Photo by volcanojwMetro has been a lot of problems recently. However, maybe there’s another way of looking at Metro foibles.
Overheard of the Week
On the Green Line, between Georgia Ave and Columbia Heights stations:
The train stops, then proceeds to jerk forward and reverse a nausea-inducing four or five times.
Random guy on train: “Hey—it’s the remix!”
After the jump, jerks, dumbasses, and jerky dumbasses.
Overheard in D.C. relies on you! To hear stuff! And it in to our special Overheard in D.C. email address. Make sure to tell us who, where, when and in what context. Otherwise we’ll have to email you back.
——
You’re doing Lance Armstrong wrong
In front of Julia’s Empanadas on Connecticut:
20-something guy to two 20-something friends: “Mike and I ran a 5K last summer wasted! It was brutal.”
——
How weird! It’s almost like they are trying to be secretive.
Coming out of a screening of Zero Dark Thirty:
Two guys are discussing the character of Maya, the CIA agent played by Jessica Chastain: “Who is this woman? I’ve never heard of her or seen her in any interviews.”
——
Helping people is stupid
On a rainy Tuesday evening, around 7:30pm outside the Dupont Circle Starbucks:
Two professionally-dressed young women (early-mid 20s) are talking.
Woman 1: “Everyone is in nonprofit. I hate nonprofits!”
Woman 2 (sympathetically): “Yeah”
——
This is complicated
On the S9 bus to Silver Spring:
Guy 1: “I don’t know, man. She’s been through a lot, but this, there were women’s shoes on my floor.”

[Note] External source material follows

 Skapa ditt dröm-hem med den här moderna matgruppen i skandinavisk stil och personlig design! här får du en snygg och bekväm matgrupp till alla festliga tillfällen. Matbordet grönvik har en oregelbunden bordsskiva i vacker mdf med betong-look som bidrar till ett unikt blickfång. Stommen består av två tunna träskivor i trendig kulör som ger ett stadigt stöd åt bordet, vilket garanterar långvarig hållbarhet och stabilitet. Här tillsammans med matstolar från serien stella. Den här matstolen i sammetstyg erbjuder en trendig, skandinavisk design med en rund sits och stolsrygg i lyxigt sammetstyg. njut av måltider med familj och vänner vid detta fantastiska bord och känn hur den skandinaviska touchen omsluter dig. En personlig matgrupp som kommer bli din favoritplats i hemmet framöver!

Guy 2: “But you were innocent!”
Guy 1: “Yeah, but I’m a guy. I should have taken the transvestite route. She might have believed that.”
——
That must not be from the King James Version
At 17th and Church after a driver failed to yield to a pedestrian in the crosswalk on her way to church and an argument ensued:
Pedestrian: “I got your tag number!”
Driver: “You need to take communion! Jesus saved my life, and you can kiss my ass!”
——
Like most things, soap and water are more expensive there
Sunday afternoon, two guys walking out from LevelOne restaurant on 17th St (presumably having just finished Disco Brunch):
Guy: “Yeah, and the gays are cleaner here than in New York, too.”
——
And finally… this is just terrible.
Two girls in their twenties at BGR in DuPont for lunch. They were discussing being a bride.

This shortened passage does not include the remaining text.